(PROMPT): Every line of the entries below from the one containing "お客様の声 NO.76334 神奈川県横浜市青葉区 T様" to the one containing "die-cut single sheet, single", both ends included, must be written out exactly. No other line belongs in the answer.

Stored items from a collection:
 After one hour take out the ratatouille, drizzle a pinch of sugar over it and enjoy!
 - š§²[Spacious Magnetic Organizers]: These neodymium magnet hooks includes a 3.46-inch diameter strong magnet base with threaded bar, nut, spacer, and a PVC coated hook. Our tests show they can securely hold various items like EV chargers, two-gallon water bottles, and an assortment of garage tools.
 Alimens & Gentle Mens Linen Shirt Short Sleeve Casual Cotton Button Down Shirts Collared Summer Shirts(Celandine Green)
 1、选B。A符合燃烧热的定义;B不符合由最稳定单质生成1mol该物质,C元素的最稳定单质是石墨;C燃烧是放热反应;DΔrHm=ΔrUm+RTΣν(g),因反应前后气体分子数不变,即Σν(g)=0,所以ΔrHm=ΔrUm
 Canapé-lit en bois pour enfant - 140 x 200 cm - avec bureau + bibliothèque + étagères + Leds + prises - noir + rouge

--

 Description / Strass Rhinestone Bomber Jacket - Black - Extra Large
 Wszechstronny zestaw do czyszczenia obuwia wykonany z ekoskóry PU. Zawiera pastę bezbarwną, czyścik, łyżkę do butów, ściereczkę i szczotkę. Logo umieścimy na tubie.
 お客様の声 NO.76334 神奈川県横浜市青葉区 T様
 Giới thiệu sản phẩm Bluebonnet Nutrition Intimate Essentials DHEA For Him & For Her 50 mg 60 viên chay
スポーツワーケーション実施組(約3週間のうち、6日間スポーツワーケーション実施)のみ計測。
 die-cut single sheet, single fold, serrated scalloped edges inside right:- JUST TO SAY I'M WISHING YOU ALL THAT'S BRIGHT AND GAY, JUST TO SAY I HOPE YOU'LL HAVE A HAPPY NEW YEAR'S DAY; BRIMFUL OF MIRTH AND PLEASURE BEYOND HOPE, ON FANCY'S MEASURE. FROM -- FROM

* * *

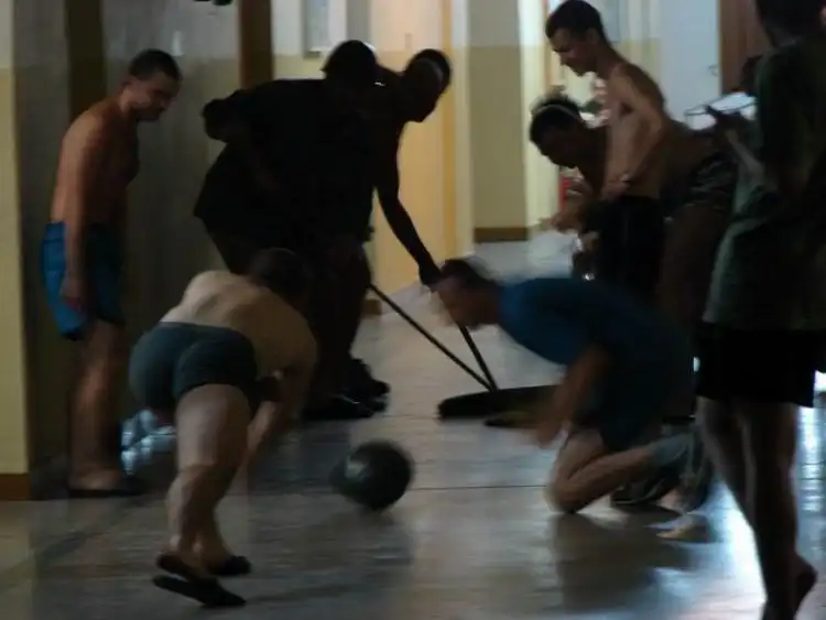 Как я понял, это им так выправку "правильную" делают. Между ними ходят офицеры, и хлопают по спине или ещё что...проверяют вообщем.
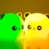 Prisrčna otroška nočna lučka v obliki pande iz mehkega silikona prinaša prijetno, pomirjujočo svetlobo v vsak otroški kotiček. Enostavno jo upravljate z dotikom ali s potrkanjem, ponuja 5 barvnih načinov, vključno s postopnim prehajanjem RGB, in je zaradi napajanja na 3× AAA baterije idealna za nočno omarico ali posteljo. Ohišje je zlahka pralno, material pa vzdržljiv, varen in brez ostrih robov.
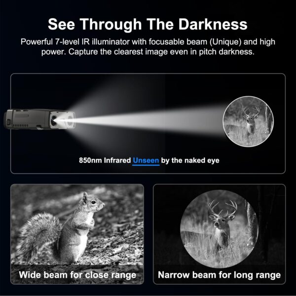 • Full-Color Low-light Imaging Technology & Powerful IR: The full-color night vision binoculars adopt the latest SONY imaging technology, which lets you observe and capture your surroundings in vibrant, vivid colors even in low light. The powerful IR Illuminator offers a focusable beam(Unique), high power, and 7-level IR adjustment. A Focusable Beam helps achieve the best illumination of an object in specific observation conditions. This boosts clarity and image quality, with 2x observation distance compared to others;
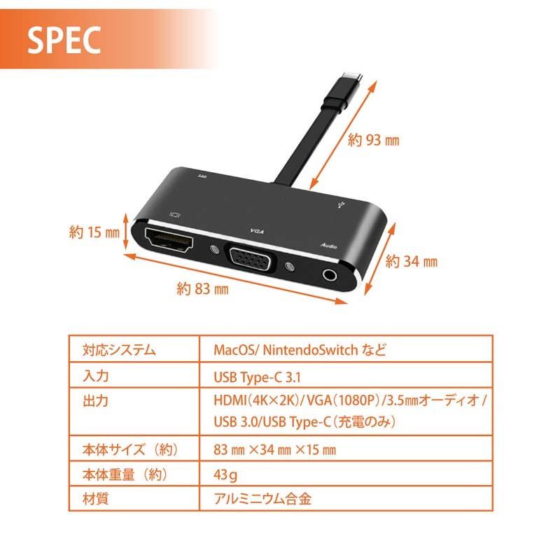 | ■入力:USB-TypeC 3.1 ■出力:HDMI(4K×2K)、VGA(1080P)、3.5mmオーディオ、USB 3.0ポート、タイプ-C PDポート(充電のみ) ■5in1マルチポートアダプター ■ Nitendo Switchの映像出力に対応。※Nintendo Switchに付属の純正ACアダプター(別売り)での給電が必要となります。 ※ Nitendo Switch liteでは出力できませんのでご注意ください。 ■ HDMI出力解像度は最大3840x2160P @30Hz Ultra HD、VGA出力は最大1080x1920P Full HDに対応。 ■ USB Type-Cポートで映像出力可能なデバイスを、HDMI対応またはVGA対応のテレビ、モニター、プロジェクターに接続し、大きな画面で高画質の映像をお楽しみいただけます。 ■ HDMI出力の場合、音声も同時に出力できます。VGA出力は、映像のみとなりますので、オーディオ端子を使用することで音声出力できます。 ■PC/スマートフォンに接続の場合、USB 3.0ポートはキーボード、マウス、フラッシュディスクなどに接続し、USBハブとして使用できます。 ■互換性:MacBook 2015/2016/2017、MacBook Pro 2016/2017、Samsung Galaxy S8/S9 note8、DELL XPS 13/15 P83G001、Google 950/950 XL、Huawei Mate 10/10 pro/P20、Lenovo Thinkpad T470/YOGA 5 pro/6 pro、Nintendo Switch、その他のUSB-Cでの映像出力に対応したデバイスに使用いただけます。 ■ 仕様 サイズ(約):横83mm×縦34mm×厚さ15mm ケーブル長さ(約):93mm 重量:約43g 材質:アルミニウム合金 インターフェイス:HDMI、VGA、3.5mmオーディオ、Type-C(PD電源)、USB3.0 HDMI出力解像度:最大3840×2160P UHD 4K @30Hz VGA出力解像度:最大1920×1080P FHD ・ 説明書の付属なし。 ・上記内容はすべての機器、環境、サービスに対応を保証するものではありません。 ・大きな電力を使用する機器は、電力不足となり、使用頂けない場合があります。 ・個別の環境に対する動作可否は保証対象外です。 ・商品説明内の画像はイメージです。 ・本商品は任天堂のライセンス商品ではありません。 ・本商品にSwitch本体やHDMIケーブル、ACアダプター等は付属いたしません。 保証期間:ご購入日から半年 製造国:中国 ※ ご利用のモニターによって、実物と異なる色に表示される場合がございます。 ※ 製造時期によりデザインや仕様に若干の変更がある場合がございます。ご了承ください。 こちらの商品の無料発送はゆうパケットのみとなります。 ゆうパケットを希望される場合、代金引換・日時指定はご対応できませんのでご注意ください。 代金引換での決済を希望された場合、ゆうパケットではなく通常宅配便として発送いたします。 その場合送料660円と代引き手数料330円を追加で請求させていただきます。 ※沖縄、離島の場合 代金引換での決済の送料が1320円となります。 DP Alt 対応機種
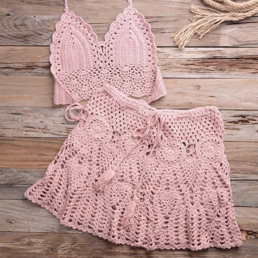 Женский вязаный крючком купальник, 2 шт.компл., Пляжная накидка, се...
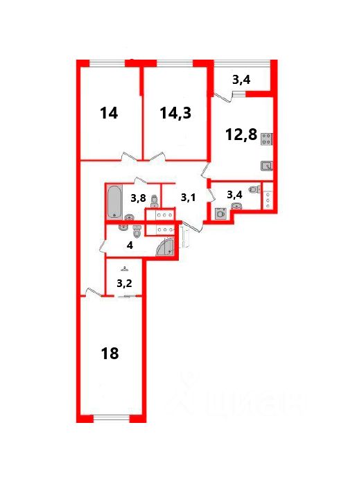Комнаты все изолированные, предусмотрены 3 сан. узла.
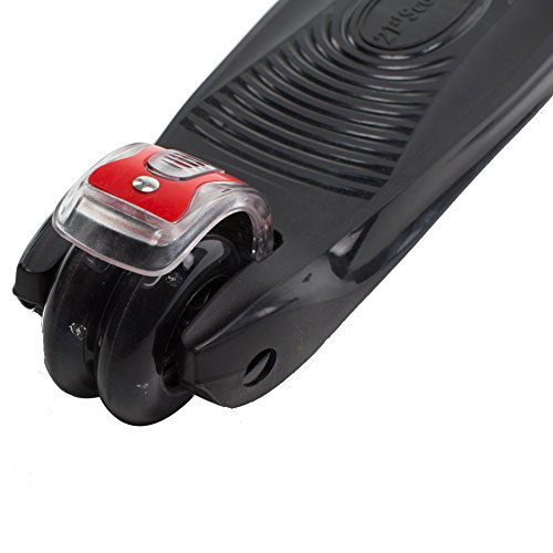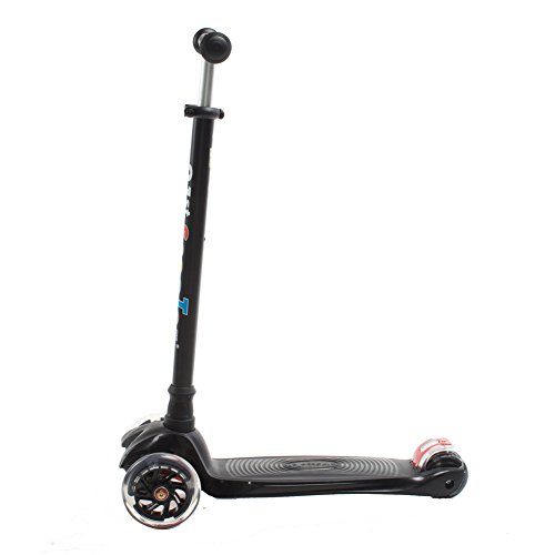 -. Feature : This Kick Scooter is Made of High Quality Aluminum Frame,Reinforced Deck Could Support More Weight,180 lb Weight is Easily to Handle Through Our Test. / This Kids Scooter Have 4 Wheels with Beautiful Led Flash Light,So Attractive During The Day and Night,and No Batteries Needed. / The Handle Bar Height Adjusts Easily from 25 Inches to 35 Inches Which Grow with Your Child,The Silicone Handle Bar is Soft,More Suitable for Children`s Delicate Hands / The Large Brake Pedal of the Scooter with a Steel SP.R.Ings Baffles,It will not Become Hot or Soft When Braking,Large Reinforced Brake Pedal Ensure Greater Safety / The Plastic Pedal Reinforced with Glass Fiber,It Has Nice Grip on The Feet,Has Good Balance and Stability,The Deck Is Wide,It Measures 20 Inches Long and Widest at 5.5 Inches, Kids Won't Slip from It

(RESULT OF THIS TASK):
 お客様の声 NO.76334 神奈川県横浜市青葉区 T様
 Giới thiệu sản phẩm Bluebonnet Nutrition Intimate Essentials DHEA For Him & For Her 50 mg 60 viên chay
スポーツワーケーション実施組(約3週間のうち、6日間スポーツワーケーション実施)のみ計測。
 die-cut single sheet, single fold, serrated scalloped edges inside right:- JUST TO SAY I'M WISHING YOU ALL THAT'S BRIGHT AND GAY, JUST TO SAY I HOPE YOU'LL HAVE A HAPPY NEW YEAR'S DAY; BRIMFUL OF MIRTH AND PLEASURE BEYOND HOPE, ON FANCY'S MEASURE. FROM -- FROM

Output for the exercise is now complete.